LISTA DE INDICADORES DE ATIVIDADE
1. Informação
Número de oficinas de visão: 4 oficinas, sendo 3 de construção e 1 de validação
Número de assentados que participaram das oficinas: média de 20 assentados por oficina, sendo que estas ocorreram em comunidades-polo
Comunidades representadas nas oficinas de visão: 19
Associações representadas nas oficinas de visão: 14
Eixos temáticos da planilha de ações necessárias para o desenvolvimento do PA Moju: Estrutura de Governança, Investimentos em Infraestrutura, Investimentos em Serviços Sociais, Manejo Florestal Madeireiro e Não Madeireiro
Reuniões de resgate e planejamento da experiência de manejo florestal na comunidade da Santa Rita de Cássia: 3
Oficinas de mapeamento participativo: 3
2. Fortalecimento Institucional
Número de reuniões do Fórum de Discussão sobre o Desenvolvimento do PA Moju: 2
Grupos de Trabalho do Fórum: 2
Instituições do GT de Licenciamento Ambiental: IPAM, CAAREAPA, IDEFLOR, IBAMA, SEMA, EMATER, SFB
Instituições do GT de Cogestão: IPAM, CAAREAPA, IDEFLOR e SFB
Assessorias: elaboração de propostas para fortalecimento organizacional da CAAREAPA, discussão de demandas junto INCRA para o desenvolvimento do PA Moju para 2012
3. Assessoria contratos empresa-comunidade
Numero de comunidades assessoradas em 2011: 1
MELHORES MOMENTOS
Na Terceira Reunião do Projeto Florestas Familiares (e segunda do fórum de discussão do desenvolvimento do PA Moju), foi emocionante o engajamento e a dedicação das diversas instituições e assentados dispostos a pensar juntos e propor de modo criativo modos para solucionar a questão da liberação da licença ambiental do assentamento.
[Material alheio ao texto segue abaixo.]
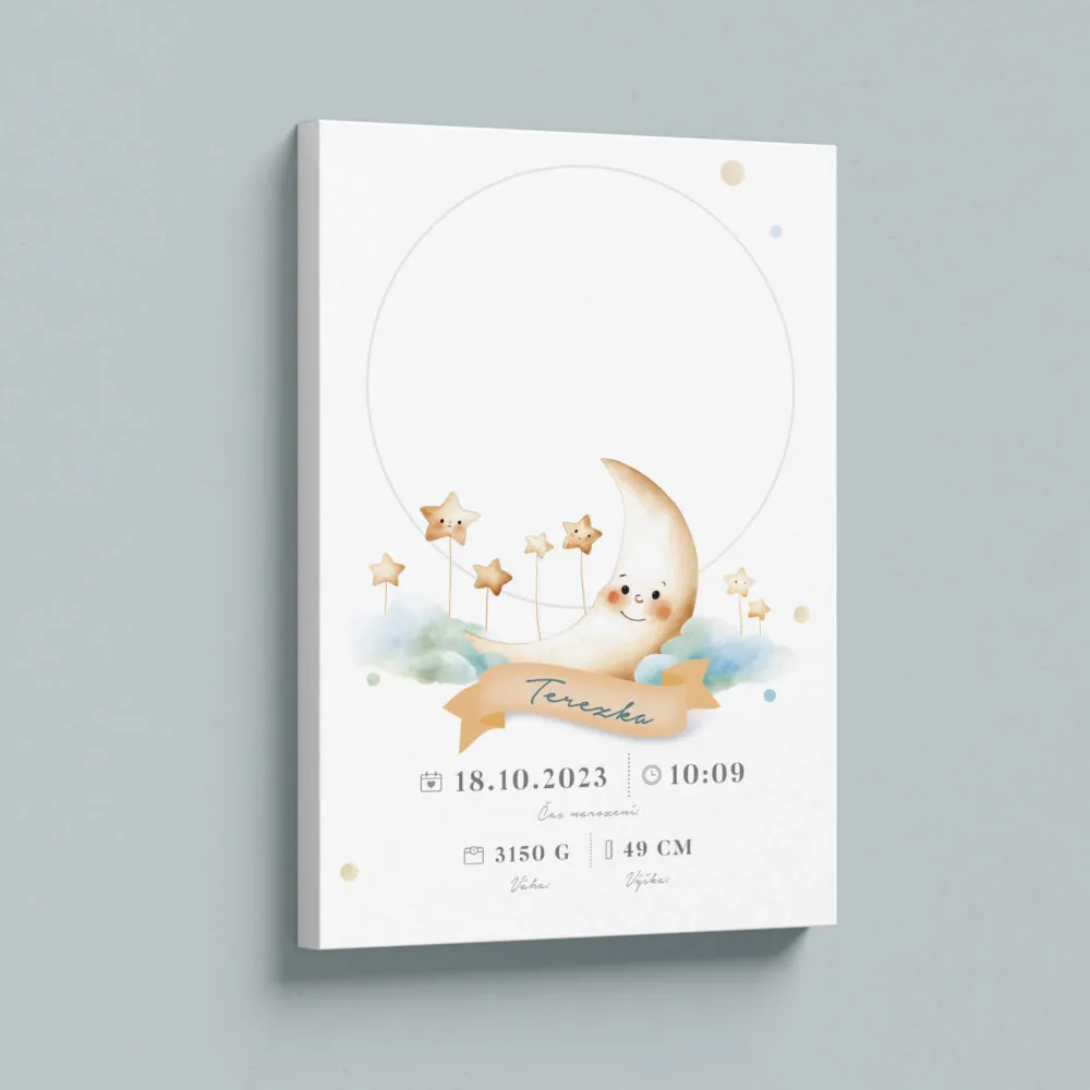 Obohaťte svůj interiér, o vzpomínky na narození Vašeho miminka, které si díky tomuto plátnu vždy připomenete.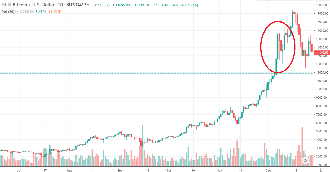 Pri pohľade na daily graf mi hneď napadá, že toto je jasný „bubble pattern.“ Bitcoin sa odrazil od hladiny 14 000 $ a túto stredu vytvoril prvé nižšie high – typické praskanie bubliny. Podobne to vyzeralo aj v rokoch 2013 a 2017.

Apresentação junto ao INCRA por parte dos assentados de um plano de metas do assentamento para 2012, voltado para a superação das principais dificuldades enfrentadas na consolidação da estratégia de desenvolvimento do assentamento, dentre as quais algumas ações se destacam: infraestrutura para melhoramento das estradas e ramais, licenciamento do assentamento e condições para viabilizar economicamente a produção. O plano de metas apresentado tem como base a planilha de ações geradas pelos assentados durante as “oficinas de visão” apoiadas pelo IPAM.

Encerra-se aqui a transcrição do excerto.